# United pilot rants about Trump, Clinton and divorce, her passengers flee



## Ooh-Rah (Feb 12, 2017)

I hate flying enough as it is...I don't think so.

_Passengers reportedly fled a flight before it could take off on Saturday — after a United Airlines pilot went on a bizarre rant over the intercom._

When a United pilot ranted about Trump, Clinton and divorce, her passengers fled

_Passengers reportedly fled a flight before it could take off on Saturday — after a United Airlines pilot went on a bizarre rant over the intercom.

In a ball cap and casual shirt, the pilot remarked on her appearance after she boarded the flight at Austin-Bergstrom International Airport in Texas in the late afternoon, passenger Randy Reiss wrote on Twitter.

"Then she says 'sorry, I'm going through [a] divorce,' " Reiss wrote. "Ummmm uh oh."

Reiss told BuzzFeed that other passengers even sympathized with "Ohs and Aws" — at first.

But as her speech veered from her personal life into a string of non sequiturs, the mood aboard the San Francisco-bound jet turned from cozy to uncomfortable to worse.

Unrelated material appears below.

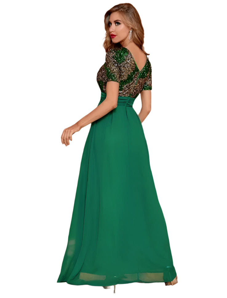 SHE zöld flitteres felsőrészű alkalmi maxi ruha
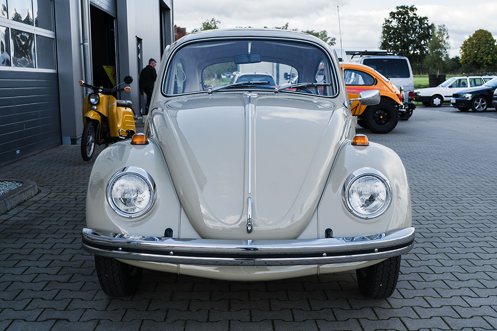 Dieser VW 1300 L wurde komplett mit viel Liebe zum Detail restauriert. Die Basis wurde komplett sandgestrahlt und alle rostbefallenen Blechteile durch neue Originalteile getauscht, nach aufwändiger Lackierung in savannenbeige und Hohlraumversiegelung wurde das Auto wieder mit den besten verfügbaren Teilen neu aufgebaut.

"She's like 'I don't care if you voted for Trump or Clinton. They're both [expletive]," Reiss wrote.

He started shaking, he wrote, after the pilot said she was about to take off.

"So I'll stop and we'll fly the airplane," she says in another passenger's phone video. "Don't worry. I'm going to let my co-pilot fly it. He's a man."

Reiss got out of his seat, collected his bag and made for the exit. "Half the flight followed my lede," he wrote.
_


----------



## SpitfireV (Feb 13, 2017)

What a fuckwit. Grounded for life, hopefully.


----------



## TLDR20 (Feb 13, 2017)

What a waste. As hard as it is to become an airline pilot these days, to throw it away seems so wasteful. Where was her flight deck companion...


----------



## Diamondback 2/2 (Feb 13, 2017)

Divorces make people do crazy things.


----------



## DA SWO (Feb 13, 2017)

TLDR20 said:


> What a waste. As hard as it is to become an airline pilot these days, to throw it away seems so wasteful. Where was her flight deck companion...


In the cockpit calling the cops.
Austin paper says she got escorted off and a new crew brought in.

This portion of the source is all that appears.